David Gardner (born May 16, 1966) is an American entrepreneur and one of the three founders of The Motley Fool.

Early life and education
He attended the University of North Carolina at Chapel Hill on a Morehead Scholarship, graduating in 1988. He also attended the Saint Albans School, Washington, D.C., before going on to St. Mark's School in Southboro, MA, and graduated from there.

Career
He was a writer for Louis Rukeyser's Wall Street newsletter before joining the Motley Fool. David is the lead advisor on The Motley Fool Rule Breakers advisory service, and co-lead with his brother Tom on The Motley Fool Stock Advisor, the company's flagship subscription offering. His investment philosophy favors passive long-term holding of dynamic growth stocks.

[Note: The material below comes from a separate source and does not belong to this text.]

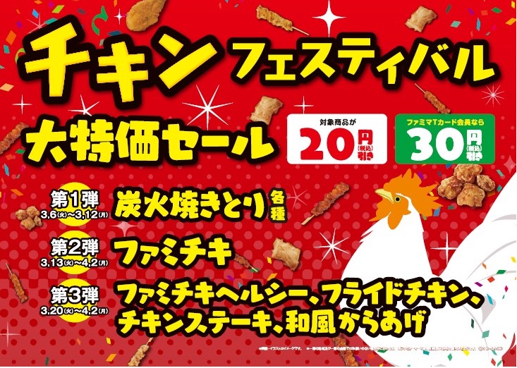 「チキンフェスティバル」は3弾にわたって連続的に行われ、対象商品が20円引きとなる。さらにファミマT会員は30円引きだ。

He is also the inventor of Motley Fool CAPS, a site that features the community intelligence of 75,000+ ranked stock pickers drawn mainly from The Motley Fool Community.

Personal life
He is the older brother of Tom Gardner.  The Gardner brothers have co-authored several books, including The Motley Fool Investment Guide, You Have More Than You Think, Rule Breakers, Rule Makers,  The Motley Fool Investment Guide for Teens, and the Million Dollar Portfolio.

References

External links
15-Second Bio on Fool.com

1966 births
Living people
American company founders
St. Albans School (Washington, D.C.) alumni
University of North Carolina at Chapel Hill alumni
St. Mark's School (Massachusetts) alumni
People from Washington, D.C.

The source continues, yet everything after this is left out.